Lecture 6-7 (Marketing) Flashcards
Adaptation
Adaptation refers to firm efforts to modify elements of the international marketing program to accommodate specific customer requirements in a particular market.
Standardization
Standardization refers to firm efforts to make the marketing program elements uniform, with a view to targeting entire regions of countries, or even the global marketplace, with a similar product or service.
brand
A brand is a name, sign, symbol, or design intended to identify the firm’s product and differentiate it from those of competitors.
Rigid cost-plus pricing
Rigid cost-plus pricing: setting a fixed price for all export markets. Management simply adds a flat percentage to the domestic price to compensate for the added costs of doing business abroad. The export customer’s final price includes a mark-up to cover transporting, as well as profit margins for intermediaries and the manufacturer.
flexible cost-plus pricing
flexible cost-plus pricing: Management includes any added costs of doing business abroad in its final price. Prices are adjusted to accommodate local market and competitive conditions, such as customer purchasing power, demand, and competitor prices.
incremental pricing
In highly competitive markets, the firm may set prices to cover only its variable costs, not its fixed costs.

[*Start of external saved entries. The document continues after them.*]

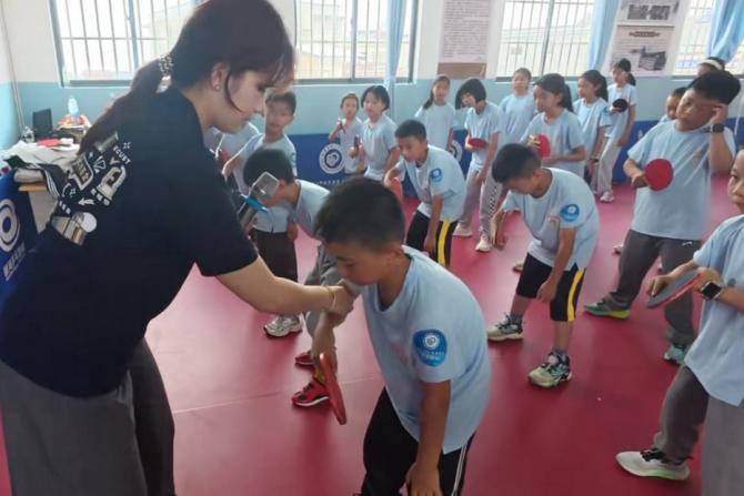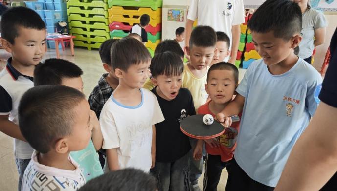 实践团精心制作了融合体育精神与思政教育的专题视频,让孩子们深刻体会到乒乓外交的历史佳话和小小银球蕴含的无穷文化魅力。仁德四小的同学们在提升挥拍技艺的同时,更沉浸式地汲取着乒乓球文化所蕴含的深厚历史底蕴与宝贵精神滋养——那份团结协作、为国争光的家国情怀,那份精益求精、挑战自我的意志品质,正悄然融入他们的成长基因。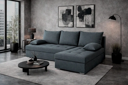 Das Ecksofa mit Schlaffunktion eignet sich dank seiner optimalen Maße und seiner breiten Funktionalität perfekt als Ecksofa für ein Wohnzimmer oder als klappbares Ecksofa für ein Jugendzimmer. Breite der Ecke 200 cm, maximale Höhe 85 cm und Tiefe 143 cm. Die Liegefläche der Eckeinheit beträgt 122x199 cm. Die Sitzhöhe des Möbels beträgt 38 cm und die maximale Höhe der Rückenlehne beträgt 45 cm. Polyurethan-Schaumstoff T28 ist das Material, aus dem der Sitz der Ecke hergestellt ist. Rückenlehne mit losen polstern garantiert komfortable Entspannung nach einem langen Tag, die Sie, Ihre Lieben und auch Gäste, die auf diesem einzigartigen Ecksofa sitzen, zu schätzen wissen werden.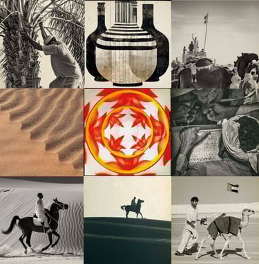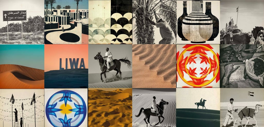 Original work reflecting the local heritage and character of Liwa, UAE. Art curation & procurement for a large-scale VIP development project based of traditional fort architecture. Gulf House Engineering is the development company that built the Presidential Palace in Abu Dhabi.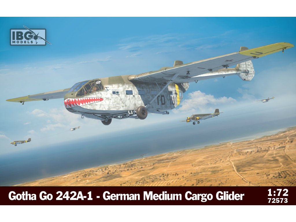 IBG 1/72 Gotha Go-242A-1 představuje plastový model německého transportního kluzáku z druhé světové války v měřítku 1/72. Stavebnice zachycuje ranou verzi A-1, určenou pro přepravu vojáků a materiálu.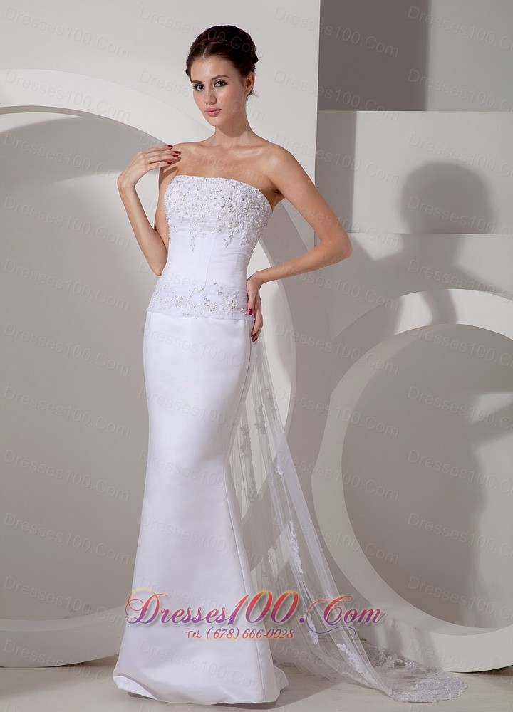 Mermaid Strapless Wedding Bridal Gown With Watteau Train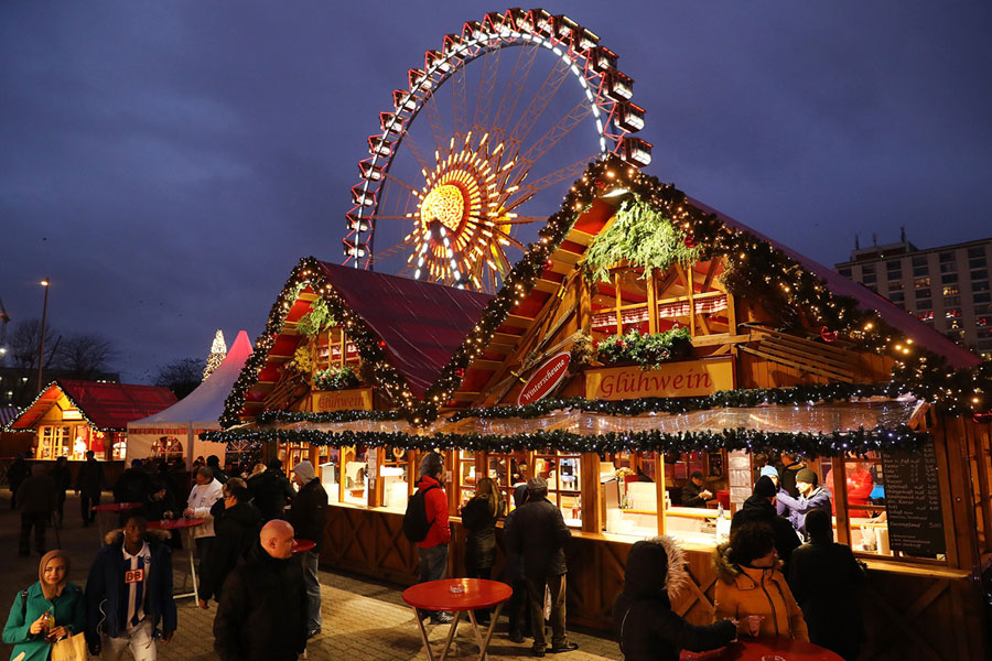Read moreVisitors walk among stalls selling mulled wine and food as an illuminated Ferris wheel spins behind at the annual Christmas market at Alexanderplatz on November 28, 2017, in Berlin, Germany. #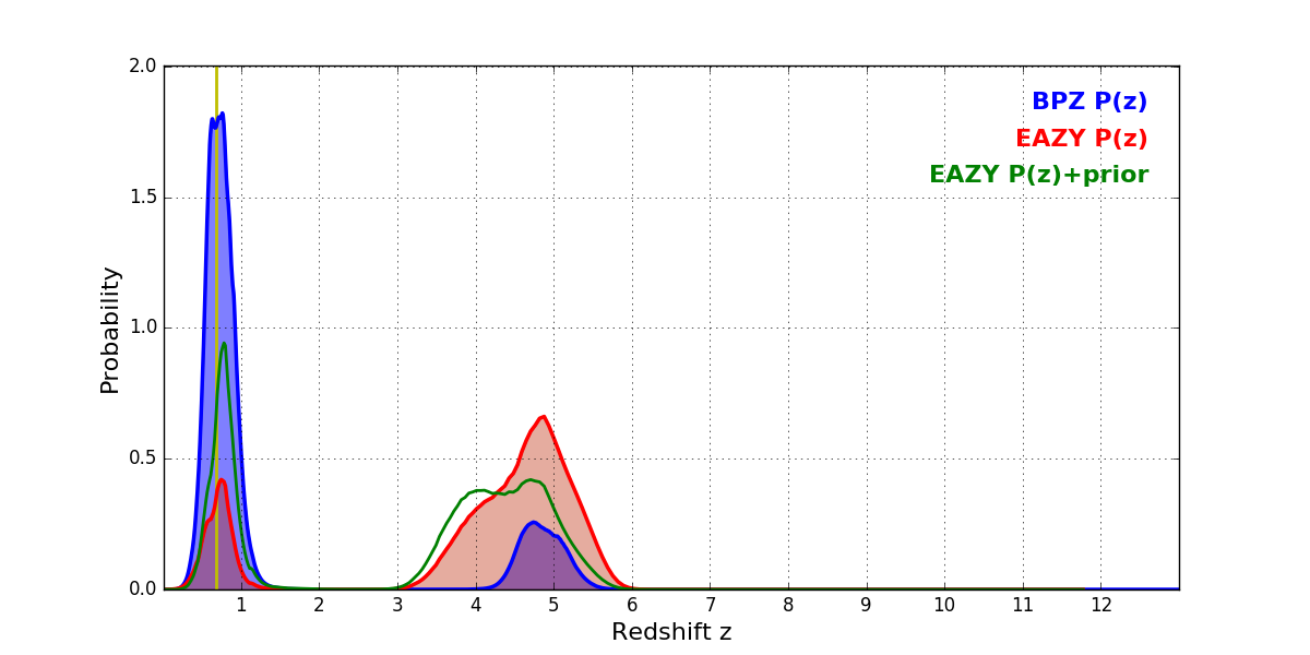 In P(z) plots: Yellow lines mark the cluster redshift z = 0.677,

This is known as incremental pricing. Management assumes that fixed costs are already paid from sales of the product in the firm’s home country.
International price escalation
International price escalation refers to the problem of end-user prices reaching exorbitant levels in the export market caused by multi-layered distribution channels, intermediary margins, tariffs, and other international customer costs.
International price escalation may mean that the retail price in the export market may be two or three times the domestic price, creating a competitive disadvantage for the exporter.
Transfer pricing
Transfer pricing refers to the practice of pricing intermediate or finished products exchanged among the subsidiaries and affiliates of the same corporate family located in different countries.
When Ford’s factory in South Africa sells parts and components to the Ford manufacturing plant in Spain, it charges a transfer price for this intra-corporate transaction.
profit repatriation
bringing earnings back to home country
Global Ad Agencies
global ad agency also has offices in the target market.
vs. home-country-based agency with international expertise, a local agency based in the target market
Global account management (GAM)
Global account management – servicing a key global customer in a consistent and standardized manner, regardless of where in the world it operates.